By revisiting the worst of 1997? I don't think so. BTW, of the places you listed, two don't use it! Google -- I'm not familiar with anything that actually uses it; The search certainly does NOT. Plus and gMail certainly don't... Are you getting that the project is hosted on Google code confused with Google actually using it? Yahoo has their own stupid bloated defeating the point of using HTML+CSS+SCRIPTS framework called YUI; so why the blue blazes would they be using someone else's? ... leaving just Microsoft, and you're REALLY going to do what they do in terms of web development? REALLY?!? Given pretty much all their sites are inaccessible trash less useful than they were a decade ago -- not really high up on my 'great example' list. Though I could say the same about the other two as well; Google in particular crapping away everything that made them kill off their competitors in the first place!

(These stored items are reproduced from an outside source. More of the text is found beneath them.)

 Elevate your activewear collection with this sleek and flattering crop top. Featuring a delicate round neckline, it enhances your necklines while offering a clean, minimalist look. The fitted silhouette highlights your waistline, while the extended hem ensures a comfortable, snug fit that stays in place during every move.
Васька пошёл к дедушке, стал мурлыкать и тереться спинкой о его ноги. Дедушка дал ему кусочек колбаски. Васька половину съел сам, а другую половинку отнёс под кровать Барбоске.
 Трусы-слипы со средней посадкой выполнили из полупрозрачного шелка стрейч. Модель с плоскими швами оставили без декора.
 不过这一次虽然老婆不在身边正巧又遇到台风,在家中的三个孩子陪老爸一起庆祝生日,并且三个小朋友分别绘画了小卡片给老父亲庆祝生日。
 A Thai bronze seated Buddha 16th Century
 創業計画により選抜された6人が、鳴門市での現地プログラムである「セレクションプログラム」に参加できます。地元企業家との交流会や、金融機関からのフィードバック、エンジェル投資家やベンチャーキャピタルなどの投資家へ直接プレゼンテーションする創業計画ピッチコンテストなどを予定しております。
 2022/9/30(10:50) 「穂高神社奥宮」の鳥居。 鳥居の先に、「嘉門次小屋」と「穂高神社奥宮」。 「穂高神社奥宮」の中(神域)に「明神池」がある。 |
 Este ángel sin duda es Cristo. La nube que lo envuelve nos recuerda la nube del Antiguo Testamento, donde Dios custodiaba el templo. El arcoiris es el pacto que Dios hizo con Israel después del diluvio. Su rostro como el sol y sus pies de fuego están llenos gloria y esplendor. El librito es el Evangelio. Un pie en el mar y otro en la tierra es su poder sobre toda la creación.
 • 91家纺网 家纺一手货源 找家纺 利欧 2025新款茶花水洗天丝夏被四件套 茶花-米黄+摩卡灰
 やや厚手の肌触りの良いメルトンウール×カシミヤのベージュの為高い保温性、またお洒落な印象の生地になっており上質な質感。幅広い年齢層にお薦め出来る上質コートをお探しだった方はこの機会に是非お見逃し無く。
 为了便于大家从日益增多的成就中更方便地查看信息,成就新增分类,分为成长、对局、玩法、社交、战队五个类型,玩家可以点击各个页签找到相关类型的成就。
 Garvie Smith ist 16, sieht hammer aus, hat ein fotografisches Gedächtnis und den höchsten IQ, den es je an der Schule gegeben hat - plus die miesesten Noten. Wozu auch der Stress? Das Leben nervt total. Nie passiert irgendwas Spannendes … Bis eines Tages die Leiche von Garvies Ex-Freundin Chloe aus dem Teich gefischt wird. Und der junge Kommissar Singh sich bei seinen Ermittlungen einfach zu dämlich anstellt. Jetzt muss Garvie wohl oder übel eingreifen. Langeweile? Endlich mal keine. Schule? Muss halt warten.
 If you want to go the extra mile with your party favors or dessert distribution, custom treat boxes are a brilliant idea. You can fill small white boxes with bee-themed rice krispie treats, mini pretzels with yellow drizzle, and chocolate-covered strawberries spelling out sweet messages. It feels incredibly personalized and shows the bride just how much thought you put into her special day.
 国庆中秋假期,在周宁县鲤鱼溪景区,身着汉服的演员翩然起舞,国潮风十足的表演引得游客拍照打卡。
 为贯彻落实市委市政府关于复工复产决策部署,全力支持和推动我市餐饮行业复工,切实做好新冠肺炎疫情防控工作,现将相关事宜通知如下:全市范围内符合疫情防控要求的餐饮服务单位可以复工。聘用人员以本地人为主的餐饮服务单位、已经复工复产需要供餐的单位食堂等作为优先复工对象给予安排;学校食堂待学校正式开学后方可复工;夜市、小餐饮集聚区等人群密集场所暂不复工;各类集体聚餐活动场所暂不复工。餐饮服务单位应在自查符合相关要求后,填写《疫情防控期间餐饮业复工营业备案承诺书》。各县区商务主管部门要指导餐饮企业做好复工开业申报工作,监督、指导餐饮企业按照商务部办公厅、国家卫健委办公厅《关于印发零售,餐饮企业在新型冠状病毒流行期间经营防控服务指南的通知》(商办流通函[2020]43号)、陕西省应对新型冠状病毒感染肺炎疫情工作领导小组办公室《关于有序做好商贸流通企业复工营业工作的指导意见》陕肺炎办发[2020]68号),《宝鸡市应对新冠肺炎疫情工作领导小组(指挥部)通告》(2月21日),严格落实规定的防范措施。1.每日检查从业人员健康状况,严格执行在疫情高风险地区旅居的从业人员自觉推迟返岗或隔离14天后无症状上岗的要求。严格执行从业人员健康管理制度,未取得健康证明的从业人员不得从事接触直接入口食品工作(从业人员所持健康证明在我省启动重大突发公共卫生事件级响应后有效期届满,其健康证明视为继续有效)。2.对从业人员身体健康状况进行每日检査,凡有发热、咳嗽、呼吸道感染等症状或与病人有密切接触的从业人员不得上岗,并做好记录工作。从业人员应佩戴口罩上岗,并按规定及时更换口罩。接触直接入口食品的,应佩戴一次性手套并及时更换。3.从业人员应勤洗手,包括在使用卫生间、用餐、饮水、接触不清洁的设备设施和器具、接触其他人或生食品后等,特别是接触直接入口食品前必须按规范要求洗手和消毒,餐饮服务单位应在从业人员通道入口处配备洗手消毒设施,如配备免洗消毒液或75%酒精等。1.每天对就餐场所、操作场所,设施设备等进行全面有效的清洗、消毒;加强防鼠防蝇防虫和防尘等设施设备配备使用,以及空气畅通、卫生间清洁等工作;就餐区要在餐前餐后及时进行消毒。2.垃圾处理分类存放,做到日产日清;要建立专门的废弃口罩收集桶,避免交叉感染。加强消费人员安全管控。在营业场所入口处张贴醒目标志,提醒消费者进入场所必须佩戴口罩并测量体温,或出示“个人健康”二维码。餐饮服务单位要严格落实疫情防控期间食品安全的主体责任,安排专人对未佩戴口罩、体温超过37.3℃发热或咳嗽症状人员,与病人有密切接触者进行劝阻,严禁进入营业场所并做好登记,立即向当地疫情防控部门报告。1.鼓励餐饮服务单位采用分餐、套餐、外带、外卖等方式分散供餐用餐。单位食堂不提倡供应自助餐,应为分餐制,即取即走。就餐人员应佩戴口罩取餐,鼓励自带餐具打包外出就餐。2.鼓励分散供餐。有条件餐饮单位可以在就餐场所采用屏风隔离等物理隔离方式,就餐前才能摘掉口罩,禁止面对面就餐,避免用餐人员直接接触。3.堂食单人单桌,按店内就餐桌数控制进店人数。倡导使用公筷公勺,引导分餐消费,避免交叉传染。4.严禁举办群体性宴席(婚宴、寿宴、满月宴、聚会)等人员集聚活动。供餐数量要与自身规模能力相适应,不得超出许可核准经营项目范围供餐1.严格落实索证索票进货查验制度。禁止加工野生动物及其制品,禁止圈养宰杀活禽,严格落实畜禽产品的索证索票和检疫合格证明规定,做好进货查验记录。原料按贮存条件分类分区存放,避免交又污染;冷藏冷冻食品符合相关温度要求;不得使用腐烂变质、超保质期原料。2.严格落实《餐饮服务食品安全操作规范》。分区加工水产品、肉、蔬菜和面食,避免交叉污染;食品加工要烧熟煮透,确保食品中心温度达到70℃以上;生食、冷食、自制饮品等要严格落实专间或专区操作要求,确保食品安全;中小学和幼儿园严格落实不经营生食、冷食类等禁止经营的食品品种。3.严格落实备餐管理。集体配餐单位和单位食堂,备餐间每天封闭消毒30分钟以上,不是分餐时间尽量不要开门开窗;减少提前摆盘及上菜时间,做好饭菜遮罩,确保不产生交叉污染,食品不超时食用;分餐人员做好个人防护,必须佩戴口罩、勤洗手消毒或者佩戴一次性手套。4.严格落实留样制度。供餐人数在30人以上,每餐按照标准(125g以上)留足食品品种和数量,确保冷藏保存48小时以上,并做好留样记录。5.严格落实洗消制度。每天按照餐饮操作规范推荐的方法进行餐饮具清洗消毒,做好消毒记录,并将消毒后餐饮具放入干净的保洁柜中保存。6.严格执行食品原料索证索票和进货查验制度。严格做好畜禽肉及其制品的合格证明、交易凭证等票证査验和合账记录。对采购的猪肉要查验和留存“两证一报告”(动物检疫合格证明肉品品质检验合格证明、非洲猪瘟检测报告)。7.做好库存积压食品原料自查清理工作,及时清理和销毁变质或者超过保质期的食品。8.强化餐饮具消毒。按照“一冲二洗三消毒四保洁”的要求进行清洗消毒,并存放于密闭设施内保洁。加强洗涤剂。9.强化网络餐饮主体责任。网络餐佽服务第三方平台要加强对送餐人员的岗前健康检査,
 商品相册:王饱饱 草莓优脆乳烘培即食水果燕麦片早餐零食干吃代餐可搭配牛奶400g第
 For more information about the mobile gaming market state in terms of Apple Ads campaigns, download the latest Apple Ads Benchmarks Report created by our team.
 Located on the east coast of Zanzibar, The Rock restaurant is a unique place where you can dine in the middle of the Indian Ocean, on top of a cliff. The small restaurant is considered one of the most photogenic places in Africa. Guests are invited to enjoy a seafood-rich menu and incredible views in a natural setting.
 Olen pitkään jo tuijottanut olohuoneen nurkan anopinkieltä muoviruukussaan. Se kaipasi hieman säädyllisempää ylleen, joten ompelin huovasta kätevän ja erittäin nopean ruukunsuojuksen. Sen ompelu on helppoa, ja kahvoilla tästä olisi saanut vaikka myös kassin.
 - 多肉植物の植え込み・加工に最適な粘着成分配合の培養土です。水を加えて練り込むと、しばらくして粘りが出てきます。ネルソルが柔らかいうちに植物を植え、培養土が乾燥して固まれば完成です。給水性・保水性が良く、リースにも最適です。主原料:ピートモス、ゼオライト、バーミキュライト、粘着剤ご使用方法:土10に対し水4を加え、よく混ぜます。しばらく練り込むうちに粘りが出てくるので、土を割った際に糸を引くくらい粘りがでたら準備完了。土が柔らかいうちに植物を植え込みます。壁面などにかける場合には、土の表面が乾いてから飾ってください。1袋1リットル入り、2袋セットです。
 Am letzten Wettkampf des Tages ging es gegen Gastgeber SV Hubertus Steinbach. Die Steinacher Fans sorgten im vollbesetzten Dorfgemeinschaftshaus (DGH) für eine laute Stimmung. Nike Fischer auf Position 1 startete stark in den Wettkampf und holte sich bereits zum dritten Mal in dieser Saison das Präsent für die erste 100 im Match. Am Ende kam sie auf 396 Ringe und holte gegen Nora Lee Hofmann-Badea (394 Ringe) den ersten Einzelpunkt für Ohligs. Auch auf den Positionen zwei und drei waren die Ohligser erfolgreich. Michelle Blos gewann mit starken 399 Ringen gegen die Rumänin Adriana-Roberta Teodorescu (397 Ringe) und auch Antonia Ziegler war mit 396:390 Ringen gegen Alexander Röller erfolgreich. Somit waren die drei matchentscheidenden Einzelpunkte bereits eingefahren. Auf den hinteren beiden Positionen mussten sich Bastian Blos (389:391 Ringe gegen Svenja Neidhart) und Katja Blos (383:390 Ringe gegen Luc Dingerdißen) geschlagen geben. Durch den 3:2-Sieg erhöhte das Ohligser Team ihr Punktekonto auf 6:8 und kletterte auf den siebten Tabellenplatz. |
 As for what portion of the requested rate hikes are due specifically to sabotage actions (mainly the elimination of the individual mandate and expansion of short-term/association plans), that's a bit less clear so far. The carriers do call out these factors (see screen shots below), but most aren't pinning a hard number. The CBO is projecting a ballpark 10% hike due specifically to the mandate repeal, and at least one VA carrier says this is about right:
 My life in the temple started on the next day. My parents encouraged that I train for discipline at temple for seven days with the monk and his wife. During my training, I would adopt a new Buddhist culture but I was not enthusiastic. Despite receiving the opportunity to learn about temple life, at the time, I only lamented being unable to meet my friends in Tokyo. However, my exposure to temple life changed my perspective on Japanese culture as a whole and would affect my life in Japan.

I see you are not a huge fan of javascript libraries and you give preference to getting all things done by server side php as much as possible before sending them to the client.. Well everyone with his or her own programming style. I prefer using my clients processor to do more of the work after the page has been retrieved, than bugging the server with a lot of work before the page is sent. But then it just depends on your taste.,:/
No, it depends on accessibility, because what if there is no javascript? That said, I'm not sure what your statement has to do with this thread; since nobody is saying to use PHP server side to handle this... Though there are those saying to use as little markup as possible and not waste time adding some bloated library that 90%+ of which is just JS doing CSS' job and the rest you'd likely never break even on compared to just writing the code normally in the first place.